1. Tout lecteur de journal, de magazine, de site Internet, en possession
de l’e-mail d’un journaliste, gracieusement porté à sa connaissance par
l’éditeur qui l’emploie, peut désormais fustiger la paresse
incommensurable de celui-ci, qui recopie servilement depuis dix ans des
dépêches de l’Agence France Presse. Avant Internet le lecteur ne lisait
pas les dépêches de l’Agence France Presse. Depuis Internet les lecteurs
destinataires des dépêches de l’Agence France Presse sont plus nombreux
que les journalistes.
2. Tout journaliste rédigeant un article dans lequel il évoque les
activités d’une entreprise, d’un groupe d’intérêts, d’une secte, d’une
éminente personnalité, ou s’interroge sur le bien fondé d’un produit,
critique un artiste, voire un homme politique, s’expose désormais à
recevoir dans les heures qui suivent plusieurs centaines, voire
plusieurs milliers de messages de protestation. Parfois même il pourra
s’agir d’injures. Dans les cas extrêmes de menaces.
3. Dans les deux cas de figures précédents, le rédacteur en chef ou le
directeur de la publication qui emploient ce journaliste imprudent,
sinon malintentionné, pourront eux aussi être les récipiendaires des
messages qui lui sont destinés.
4. Tout texte publié sur Internet par un journaliste, dûment identifié,
n’est pas susceptible de bénéficier du délai de prescription de trois
mois, prévu par une loi datant de 1881, aux termes de laquelle une
personne - physique ou morale -, s’estimant mise en cause à tort par la
presse, cesse de pouvoir demander un droit de réponse, poursuivre
l’auteur du texte incriminé du chef de diffamation, ou exercer toute
autre forme de demande de réparation qui sera examinée par un tribunal.

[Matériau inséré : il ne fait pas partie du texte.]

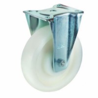Pevné transportní kolo s obručí z bílého nylonu. typ kola: pevná materiál kola: nylon průměr kola: 200 mm šířka kola: 50 mm nosnost: 1 000 kg způsob uchycení: vidlice s přírubou výška kola s vidlicí: 245 mm ložiska: valivá (kuličková) povrchová úprava pozinkováním, odolnost proti teplotě od -40 do +80 °C, odolná proti koroziNylonové transportní kolo s přírubou, průměr 200 mm, valivé ložisko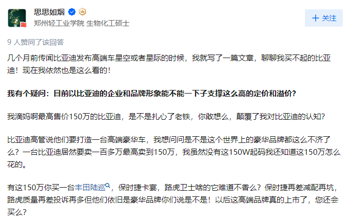 即使大家內(nèi)心愿意支持國(guó)產(chǎn)品牌,但對(duì)比亞迪的品牌形象能不能支撐一款百萬(wàn)價(jià)格的豪車,社會(huì)大眾還是心里還是打鼓的,上面知乎網(wǎng)友思思如煙的態(tài)度,就非常有代表性。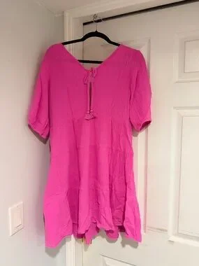 Vibrant pink tiered mini dress with a V-neck. Short puff sleeves and a flowy silhouette. Lightweight, breezy fabric for easy wear. Feminine and playful style for daytime outings.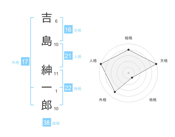吉島 紳一郎さんの天格は16画の5点!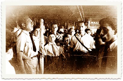 שרים התקווה ומניפים את דגל ישראל על סיפון האניה "נאורליה". משמאל, אוחז בדגל - רודניצקי, נציג הסוכנות היהודית בטהרן. מימין - דוד לאונברג-לאור, מפקד המסע.

5. Tout journaliste doit désormais savoir, admettre, sinon se féliciter,
que le vibrant plaidoyer qu’il dédie au « devoir de mémoire », en saluant
les initiatives courageuses de M. Steven Spielberg, figurera quelques
semaines plus tard sur le portail d’un site révisionniste localisé
outre-Atlantique. Site dont l’activité est protégée par le 1er
Amendement de la Constitution des Etats-Unis d’Amérique.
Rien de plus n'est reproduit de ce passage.